TASK STATEMENT → Please set down the data word for word; images do not go in the copy.

DATASET EXCERPT →
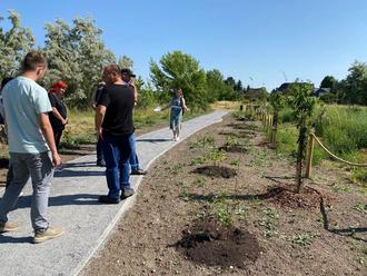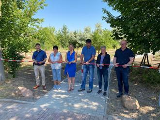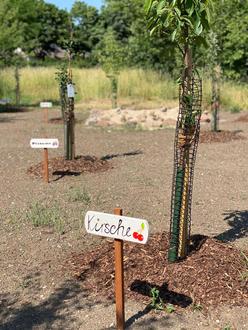 Bei der Begehung am 12. Juni waren die meisten Akteure der Umsetzung mit dabei: Doreen Henckens, die das Projekt von Doreen Scheffler übernommen hat und als Koordinatorin und Organisatorin wirkte. Weiterhin die Umsetzer: Thomas Kindler von der Baumschule Brehna. Er arbeitete eng mit Uwe Dirks und Ronny Schatz aus der Bauverwaltung hinsichtlich Bäume und Sträucher zusammen. Marlies Helmbach und zwei Teilnehmerinnen einer Maßnahme des Instituts für Bildungsmanagement und Potenzialentwicklung aus Dessau-Roßlau waren ebenfalls da. Sie und viele andere haben die Schilder für ebendiese Bäume und Sträucher erstellt. Patrick Kluge von FBB Galabau und René Gohl von der Bau-Service Union waren beim Bau des Weges engagiert. Natürlich war auch die Mit-Initiatorin des Projekts, Sabine Sperlich-Westenberger mit vor Ort. Sie hat noch viele weitere Ideen, wie alles noch mehr wachsen kann.
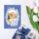 Cartão de saudação de felz pascoa com design floral botânico com flores silvestres, margaridas, hálito de bebê e pânico em cores pastéis leves de azul-bebê, roxo e lilás. Personalize o cartão de saudação com sua própria foto e texto!
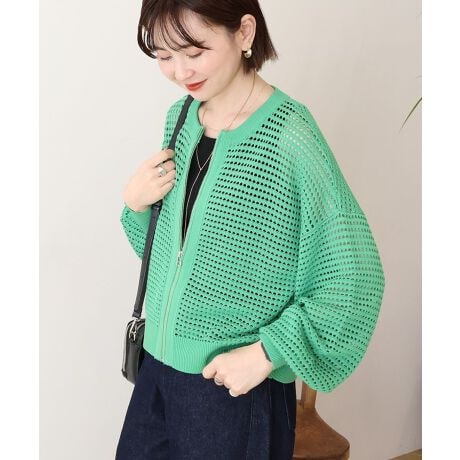 全面メッシュ編みで爽やかに仕上げたニットカーディガンが今季も登場。昨年モデルよりシルエットをコンパクトにし、前後差を付けることですっきりとした着映えに。強撚糸を用いたドライタッチな風合いと透け感により、さらっと軽く羽織れる一枚です。Tシャツに羽織ったりタンクトップと合わせたりなど、レイヤードスタイルにおすすめです。
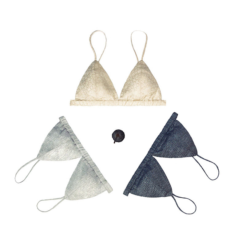 Chen Xiaoman pure linen bra jacquard no rim summer ultra-thin triangle cup bra small chest beauty back French underwear

OUTPUT BELOW →
 Bei der Begehung am 12. Juni waren die meisten Akteure der Umsetzung mit dabei: Doreen Henckens, die das Projekt von Doreen Scheffler übernommen hat und als Koordinatorin und Organisatorin wirkte. Weiterhin die Umsetzer: Thomas Kindler von der Baumschule Brehna. Er arbeitete eng mit Uwe Dirks und Ronny Schatz aus der Bauverwaltung hinsichtlich Bäume und Sträucher zusammen. Marlies Helmbach und zwei Teilnehmerinnen einer Maßnahme des Instituts für Bildungsmanagement und Potenzialentwicklung aus Dessau-Roßlau waren ebenfalls da. Sie und viele andere haben die Schilder für ebendiese Bäume und Sträucher erstellt. Patrick Kluge von FBB Galabau und René Gohl von der Bau-Service Union waren beim Bau des Weges engagiert. Natürlich war auch die Mit-Initiatorin des Projekts, Sabine Sperlich-Westenberger mit vor Ort. Sie hat noch viele weitere Ideen, wie alles noch mehr wachsen kann.
 Cartão de saudação de felz pascoa com design floral botânico com flores silvestres, margaridas, hálito de bebê e pânico em cores pastéis leves de azul-bebê, roxo e lilás. Personalize o cartão de saudação com sua própria foto e texto!
 全面メッシュ編みで爽やかに仕上げたニットカーディガンが今季も登場。昨年モデルよりシルエットをコンパクトにし、前後差を付けることですっきりとした着映えに。強撚糸を用いたドライタッチな風合いと透け感により、さらっと軽く羽織れる一枚です。Tシャツに羽織ったりタンクトップと合わせたりなど、レイヤードスタイルにおすすめです。
 Chen Xiaoman pure linen bra jacquard no rim summer ultra-thin triangle cup bra small chest beauty back French underwear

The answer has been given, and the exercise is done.